149 Which of the following statement(s) is/are true concerning heparin-associated thrombocytopenia?
a. Heparin-associated thrombocytopenia occurs only in the face of over anticoagulation with heparin
b. Severe thrombocytopenia (platelet count less than 100,000) is seen in less than 10% of patients treated with heparin
c. Heparin-associated thrombocytopenia is due to the aggregation of platelets and may result in thrombosis or embolic episodes
d. Heparin-associated thrombocytopenia may be seen within hours of initiation of heparin therapy
Answer: b, c
Heparin-associated thrombocytopenia occurs in 0.6% to 30% of patients who receive heparin, although severe thrombocytopenia (platelet counts less than 100,000) is seen in fewer than 10% of patients treated with heparin. It is caused by a plasma factor, most likely a heparin-dependent platelet antibody, that causes aggregation of platelets when exposed to heparin. Activation of platelets in this setting results in thrombocytopenia, thrombosis and embolic episodes, which can lead to death. Both bovine and porcine heparin have been associated with this syndrome, which usually begins 5 to 15 days after initiating heparin therapy. Even trivial exposure with heparin such as coating on pulmonary artery catheters or low rate infusion into arterial catheters may cause this syndrome.

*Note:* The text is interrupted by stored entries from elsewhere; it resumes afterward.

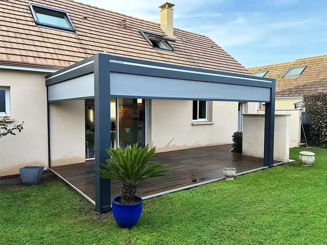 Véranda Home imagine également vos aménagements extérieurs pour un confort optimal toute l’année. La pergola bioclimatique à lames orientables régule la lumière et la température, tandis que la pergola à store enroulable offre une protection modulable et que la pergola à toit fixe garantit un abri solide et élégant. Nos experts interviennent aussi pour la création de préaux fermés, de préaux à toiture vitrée ou de préaux pergolas pour abriter vos espaces extérieurs. Pour vos véhicules, nous concevons des carports sur mesure : un carport abri de voiture pour protéger votre automobile et vos deux-roues, ou un carport pour camping-car adapté aux gabarits plus imposants. Pour finaliser votre aménagement, nos menuiseries aluminium incluent la pose de portails et clôtures ainsi que de portes d’entrée et verrières élégantes. Chaque détail est pensé pour sublimer votre habitat et renforcer son confort au quotidien.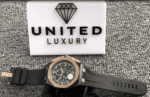 The dial is nicknamed the Mu00e9ga Tapisserie and is black in color. The indices are stick and dot and the hour markers are ceramic sticks. The hands are 904L stainless steel sticks. The movement is an automatic AP 3126 / 3840 with a power reserve of 60 hours and a precision of (-3/+3 sec/day) within COSC certification limits. It also has a sweep motion second hand and functions for hours. minutes. small seconds. date. and chronograph. It has passed the 30m water resistance test and comes with a full 2 year international United Luxury warranty.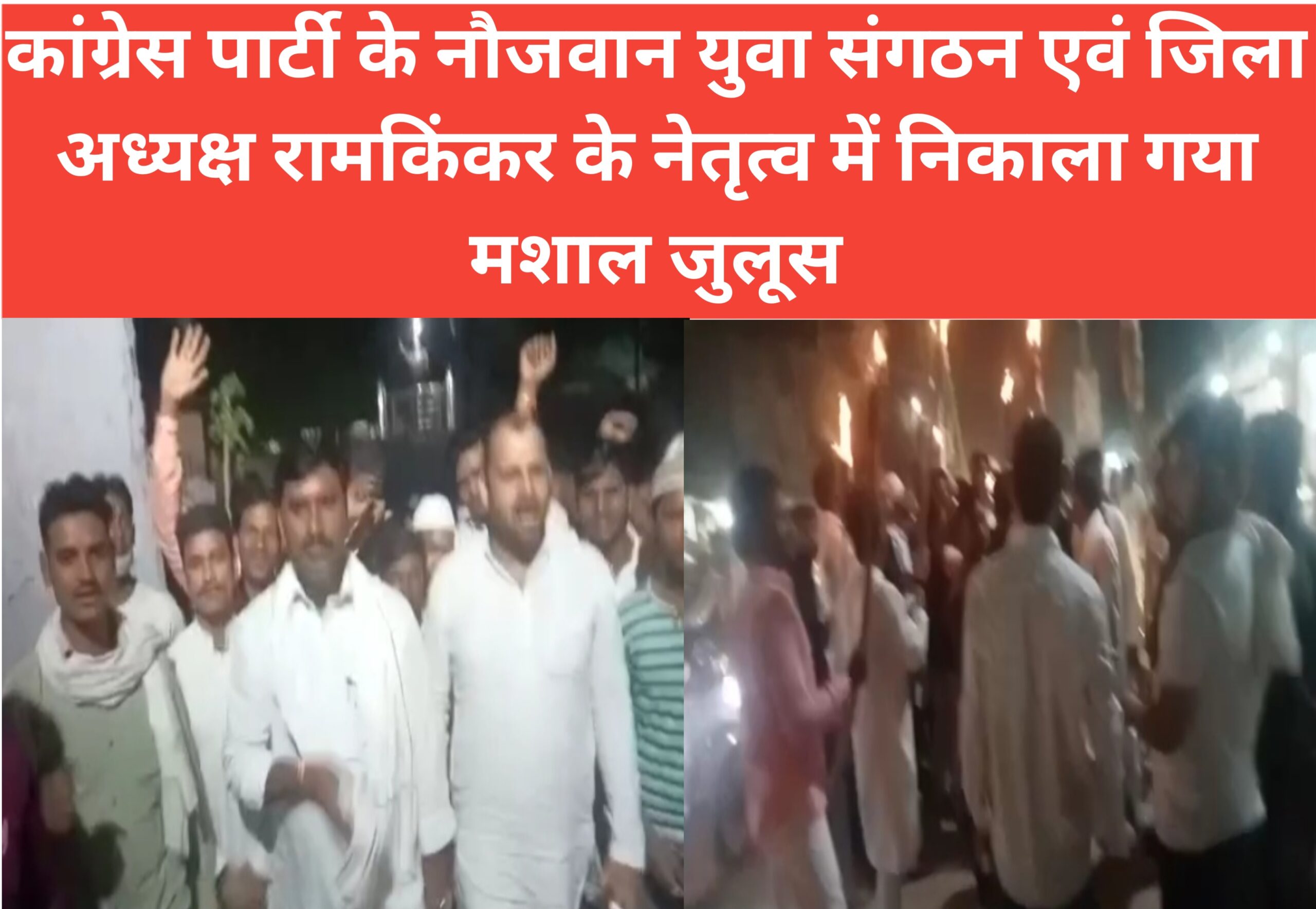 कांग्रेस पार्टी की नौजवान युवा संगठन एवं जिला अध्यक्ष रामकिंकर के नेतृत्व में निकाला गया मशाल जुलूस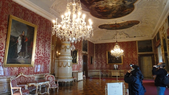 そしてここが最も重要な王座の間です。壁は金箔で装飾が施され、他の部屋よりも豪華さが桁違いのです。神聖ローマ皇帝が利用したと言われています。

150 Antithrombin III deficiency is a commonly observed hypercoaguable state. Which of the following statement(s) is/are true concerning this condition?
a. A patient with this deficiency usually presents with thrombosis while on heparin or exhibits an inability to become adequately anticoagulated with heparin
b. This deficiency may be either congenital or acquired
c. Thrombotic episodes are related to predisposing events such as operations, childbirth, and infections
d. Treatment involves acutely the administration of fresh frozen plasma followed by long-term treatment with Coumadin
Answer: a, b, c, d
Antithrombin III deficiency accounts for about 2% of venous thrombotic event. This deficiency has been described in patients with pulmonary embolism, mesenteric venous thrombosis, lower extremity venous thrombosis, arterial thrombosis, and dialysis fistula failure. Antithrombin III is a serine protease inhibitor of thrombin and factors Xa, IXa and XIa. Because one of the main actions of heparin is to potentiate the anticoagulant effects of antithrombin III, a patient with this deficiency usually presents with thrombosis while on heparin or exhibits the inability to become adequately anticoagulated with heparin. This deficiency may be either congenital (1n2000–5000 births) or acquired. Acquired defects occur with inadequate production, as in liver disease, malignancy, nephrotic syndrome, disseminated intervascular coagulation, malnutrition, or increased protein catabolism. Thrombotic episodes are related to predisposing events such as operations, childbirth, and infections. Once the diagnosis of antithrombin III deficiency is established, fresh frozen plasma should be administered followed by long-term treatment with Coumadin.